この術はチャクラ性質を鍵として使う封印術です。 風の性質チャクラを基礎とするので二人は全力でどうぞ」

 

ナルトはよく分かっていない。カカシとヤマトもよく分かっていなかったがとりあえずチャクラを流せばいいことだけは理解したらしい。

 

ハルトは自分がマーキングをする時に使うクナイを中心に突き立てた。

 

「それでは始めます、……弥白!」

『あぁ』

「『“性質結界封印術”』」

(ふう)(らい)(すい)()(もく)

 

向かい合って立ったハルトと弥白が、最初に円で囲まれた後、次々と四人を結び大きな円になる。それぞれが指示されたチャクラ性質を流し、一番強力な【風】のチャクラがエメラルドの色を放って半球を彩った。

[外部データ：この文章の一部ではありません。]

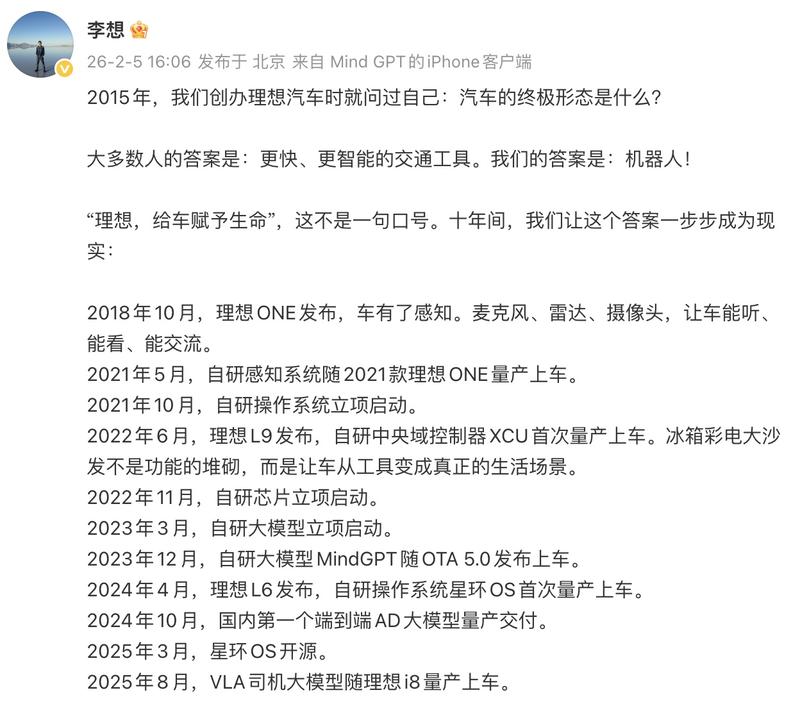 易车讯 2月5日,抱负汽车CEO李想正在社交上暗示,2026年,即将到来的全新抱负L9不只是一台好车,更是具身智能机械人的开山之做。我们预备了十年,据悉,全新将于3月送来正式上市。500)this.width=500 align=center hspace=10 vspace=10 rel=nofollow/>500)this。width=500 align=center hspace=10 vspace=10 rel=nofollow/500)this.width=500 align=center hspace=10 vspace=10 rel=nofollow/>500)this。width=500 align=center hspace=10 vspace=10 rel=nofollow/李想暗示,2015年,我们开办抱负汽车时就问过本人:汽车的终极形态是什么?大大都人的谜底是:更快、更智能的交通东西。我们的谜底是:机械人!李想还暗示,这两年有良多人问我,是不是all in AI就不关心汽车了。恰好相反,我们深知:具身智能必需长正在一台好车上,所以我有70%的时间聚焦正在汽车上,这让我们更领会若何让车进化成实正的机械人。即将到来的全新抱负L9,车成为智能体。眼睛、大脑、心净、神经、四肢举动——完整的手艺栈让车从被动东西变成自动伙伴。它会认出你,理解你,自动办事你。将来,每个家庭都值得具有如许的智能伙伴。2026年,抱负第二个十年。全新抱负L9,不只是一台好车,更是具身智能机械人的开山之做。我们预备了十年,就等这一刻。 全新抱负L9此前动静回首500)this.width=500 align=center hspace=10 vspace=10 rel=nofollow/>500)this。width=500 align=center hspace=10 vspace=10 rel=nofollow/外不雅方面,全新抱负L9全体延续了现款车型的制型设想,全体极具辨识度。然而有个细节值得留意,那就是这款车疑似用上了后向,可以或许较着看到转向角。500)this.width=500 align=center hspace=10 vspace=10 rel=nofollow/>500)this。width=500 align=center hspace=10 vspace=10 rel=nofollow/内饰方面,从此前谍照来看,新车标的目的盘采用了全新的设想,但打消了标的目的盘上的交互屏,手动空调出风口变成了i6同款的从动出风口。同时,新车保留了现款的大连屏。按照此前的动静称,抱负自研智驾芯片M100即将初次上车L9。座舱芯片也将切换至高通新一代车载芯片8797。此外,新车正在底盘上会有全新升级,增程电池电量也将跨越70度。

これこそが、ハルトが九尾が暴走してしまった時に使用しようとしていた方法。……まぁ、九尾の封印が解かれないのが一番なのだが。ナルトのために編み出した術をナルトと共に使う。ハルトには感慨深いものがあったのか、ナルトの方を愛おしく見ていた。

 

展開されていた術式が、龍脈の根源へと集まるように収縮していく。そして、完全に小さくなったところで封印は完了し、暴走していた龍脈も沈静化され、赤黒い色から綺麗な青色へと変化した。

 

 

「ん、問題なく終わったみたいだね」

「はい、ご協力ありがとうございました」

 

ハルトもミナトに笑顔を見せた。……そして、

 

「お? なんだ!?」

 

ナルトとヤマトの身体が透け始め、元の時代に戻る時が来た。

 

「うん、術式を戻したことで時間が揺れ戻しを起こしているんだろうね。

カカシ! 無事に任務をやり遂げたようだね」

「え……、カカシ先生!?」

 

ナルトは自分が知っているよりもかなり幼い師を、信じられないようにまじまじと見ていた。

 

「お会いできて光栄です」

「え!? ヤマト隊長、この(あん)ちゃんてば……」

「残念だけどお別れだね。

 

歴史を変えないためにも、ここでの記憶は全て失くした方が良さそうだね。 互いに全てを忘れる術式を施すけどいいよね?」

 

ナルトの言葉を遮るようにミナトが話す。サーラは残念そうにナルトを見た。

 

「ナルト……」

「サーラ! お前はやるべき事をやったじゃねぇか! もう立派な女王だってばよ!! 俺達がいなくてもお前なら大丈夫だ!」

 

「それじゃあ、いくよ

 

“滅”」

 

ナルトがサーラを励ますとほぼ同時に、ミナトが術式を展開した。

 

(あん)ちゃん! その前に俺の話を聞いてくれってばよ! 今言わなきゃ、もう言うことは出来ねぇんだ!!」

 

薄々感づき、そして未来から来ているナルトだからこそ、奇跡のようなこの時間。そして聞いてみたいたくさんのことを知っているであろう人。

会えなくなってしまう人。

 

「いや、きっともう一度、君に会える時がくる、いつかきっと。

その時にたくさん聞くよ」

「……っ、」

 

ナルトたちの身体が輝き始める。もう時間はない。

 

(あん)ちゃんってば、ひょっとして……」

「僕の息子にも、君のように育って欲しいと思っていたんだ。 そして今、君のように育っているよ」

「!」

 

ミナトが優しくハルトの方を向いた。ハルトは気まずそうに顔をそむけたが、その頬は少し赤くなっていた。

 

「ナルト! あなたが言っていた通り楼蘭の街は滅びるのかもしれません! でも私には楼蘭の民がいます! 民のために自分のやるべきことをやり遂げます!

ナルトが教えてくれたことだから!」

「おう! おめえのド根性があれば、必ず出来るってばよ!!」

 

ナルトたちの体は光に覆われ、既にこちらからは見えないほどになっていたが、

 

「ルト!!」

「!」

 

最後の最後に、ナルトは今回の任務で最も一緒にいたハルトの方を向いた。

 

「お前ってば……」

 

なにか言おうとするも、既にその声は聞こえない。しかし、それは向こう側からの声に限ってのことだった。

 

 

 

「ナルト!」

「!!」

「……、

 

 

 

もう少しだけ話そうか」

 

年齢に不相応な大人びた笑顔をナルトに向けながら、自分の足下にミナトが発動したものとは違う術を展開する。

 

「ごめん……」

「いいや、行っておいで。 ハルト」

「! ……うん」

 

ミナトが笑顔で送り出したのと同時に、ナルトとヤマトの姿も完全に光の中に消えた。

 

 

原作と違うことは……、

 

同時にこの世界に住む者も一緒に消えたこと。